Creating a Custom Object Detector Using Transfer Learning

How to train your own object detector using Open Images dataset and TensorFlow Object Detection API

Joyce Varghese
The Startup
8 min readSep 10, 2020

--

Photo by Nick Morrison on Unsplash

This article aims to help out beginners in machine learning on creating your own custom object detector. I have been trying to create a simple object detector and had to go through many articles spread across the internet to find all the required information. So I figured I’ll gather all the information I found in one place to make things easier for the next me.I’ll keep this as easy and informative as possible.

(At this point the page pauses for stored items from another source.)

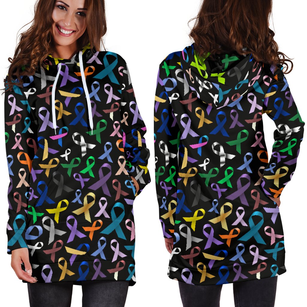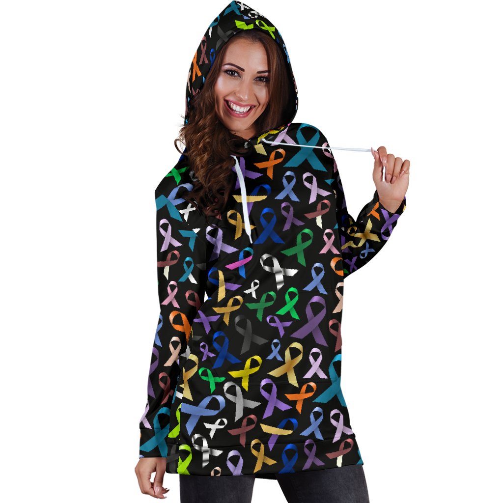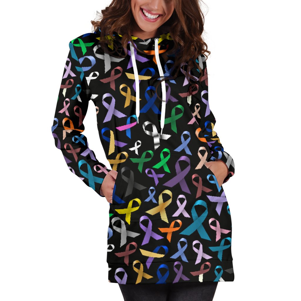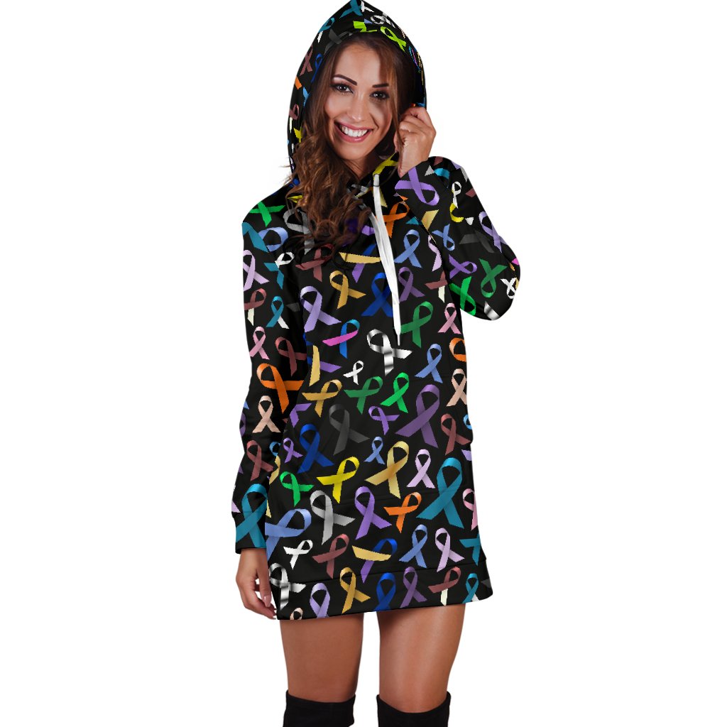 Breast Cancer Awareness Colorful Print Women Hoodie Dress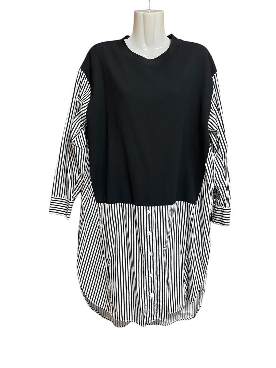 - ZARA ワンピース ボーダー Lサイズ ブラック ザラ シャツ シャツワンピース トップス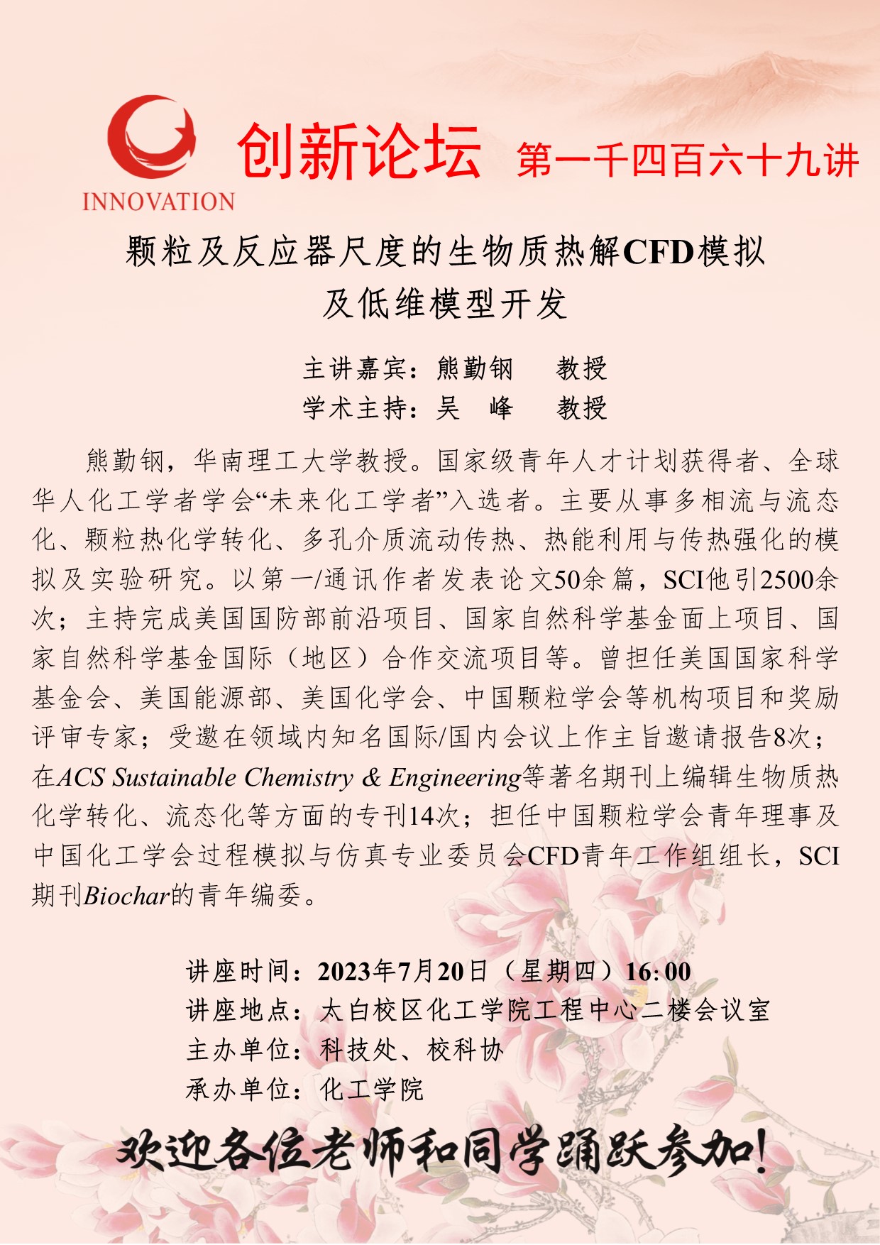 熊勤钢 教授 欧冠官方网站创新论坛第一千四百六十九讲:颗粒及反应器尺度的生物质热解CFD模拟 讲座时间 2023年7月20日(星期四)16:00 讲座地点 太白校区化工学院工程中心二楼会议室 讲座人介绍 熊勤钢 教授 讲座内容

This article describes everything required to create a working object detector from gathering data to exporting the model for our use.

  1. Prerequisites
  2. Setting up the work environment
  3. Making the dataset
  4. Downloading and configuring the pre-trained model
  5. Training and evaluation
  6. Exporting the model

Prerequisites

This tutorial does not assume any previous knowledge of TensorFlow. I have tried to keep it as simple as I can so that anyone could get a working model at the end. For beginners, I definitely suggest this exercise as I found it to be an excellent first step into the world of transfer learning.

This tutorial utilizes Python. Several python packages are required to get this going. I’m just going to list them below. If you are reading this, you’ll probably have them already installed. If not, all these packages are very popular and there are lots of tutorials on the internet on how to install them.

  1. Pandas
  2. Tensorflow
  3. Tensorboard (Optional)
  4. Openimages

Installing TensorFlow Object Detection API

We are going to use TensorFlow Object Detection API to perform transfer learning.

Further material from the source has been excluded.